The other predisposing conditions include malignant hematological diseases with or without stem cell transplantation, neutropenia, prolonged use of corticosteroids, intravenous drug abuse, neonatal prematurity, iron overload and malnourishment. [4]

In most of the immunologically competent hosts, these spores are contained by a phagocytic response. Germination continues if the phagocytic response fails, leading to the development of hyphae; thereby, infection becomes established.
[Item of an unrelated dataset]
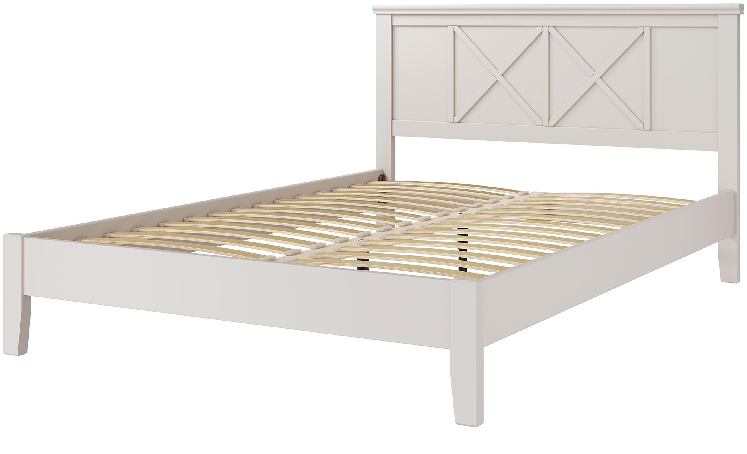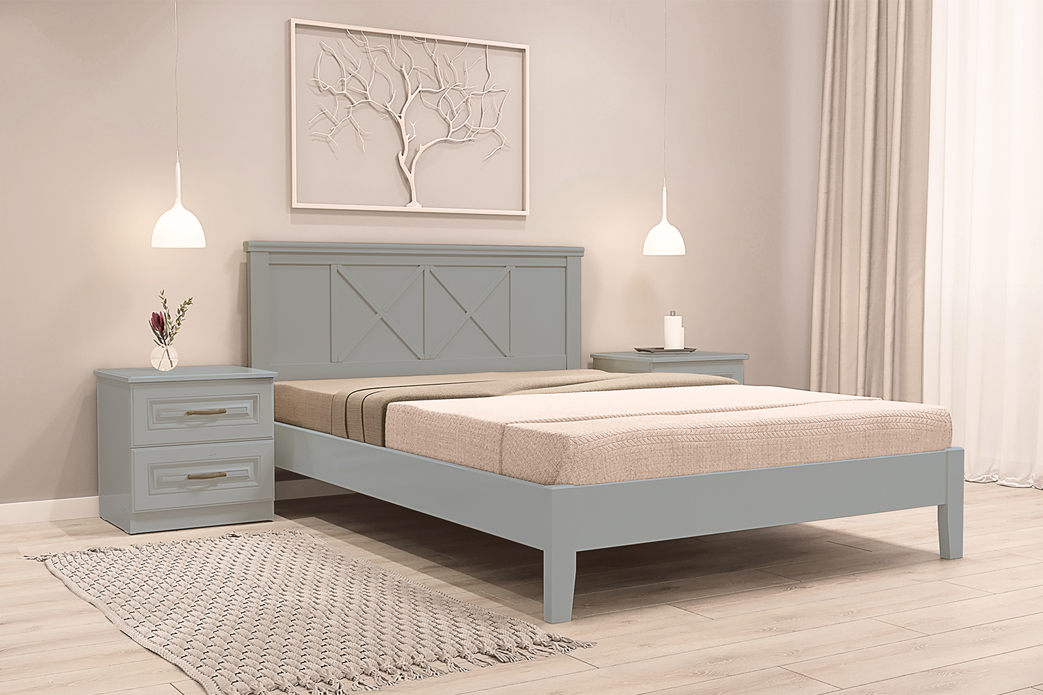 Кровать Грация-2 состоит из следующих частей: головная спинка, ножная спинка и две двухметровые деревянные царги.

The hyphae invade the arteries and propagate within the vessels, causing thrombosis, ischemia and infarction of the affected tissues.

A CT scan shows opacification of the paranasal sinuses and thickening of the mucosa and bone destruction. However, a definitive diagnosis of mucormycosis can only be made by a biopsy that identifies the characteristic hyphae and by culture. [4] Histologically, mucormycosis is characterized by extensive tissue necrosis and the presence of numerous large non-septate hyphae, with budding and dichotomous branching, giving a ribbon-like appearance. Therefore, the diagnosis of the disease is mainly based on history, clinical appearance, biopsy and imaging studies.
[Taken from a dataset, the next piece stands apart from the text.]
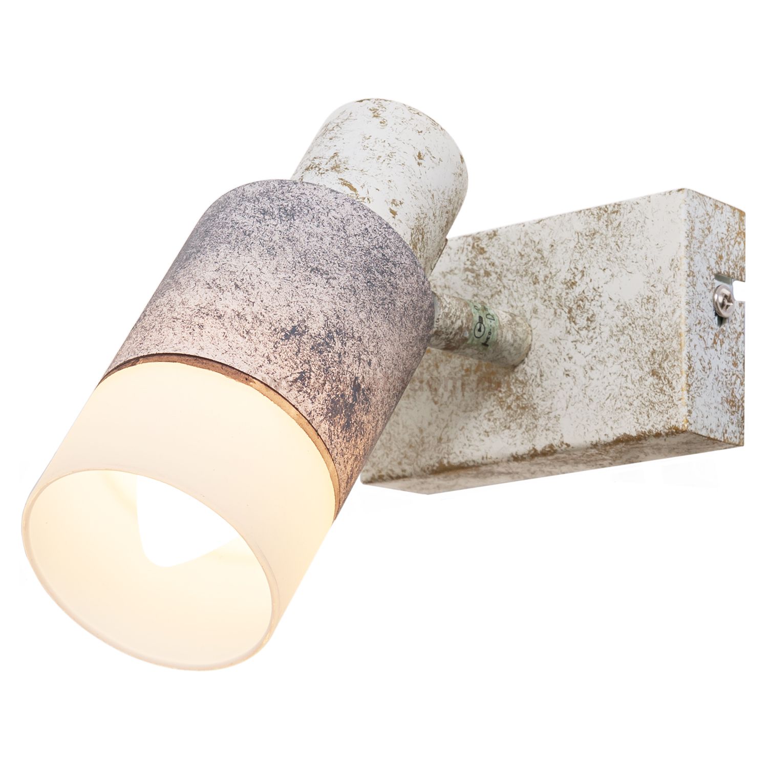 Спотовый светильник G81038/1wWH WH от бренда Gerhort. Каркас выполнен из материала металл, цвет серый с патиной. Плафон (светорассеиватель) выполнен из материала стекло; цвета: белый и серый с патиний. Цоколь E14 рассчитан на лампы максимальной мощности до 40 Вт, а максимальная площадь освещения составит до 2 м?.

Successful management of mucormycosis consists of treating the underlying disease and aggressive surgical debridement along with systemic antifungal therapy. The use of amphotericin B in patients with mucormycosis has a survival rate of up to 72%, which is a widely published and accepted treatment. [4] More recently, hyperbaric oxygen therapy has also been used. Treatment of mucormycosis must be initiated at the earliest as it progress relentlessly and has a fatal outcome.

We hereby stress the importance of early diagnosis of mucormycosis to limit the dissemination of infection, thereby preventing morbidity and mortality. Rapid diagnosis, correcting the underlying disorder and aggressive management are necessary for a favorable outcome.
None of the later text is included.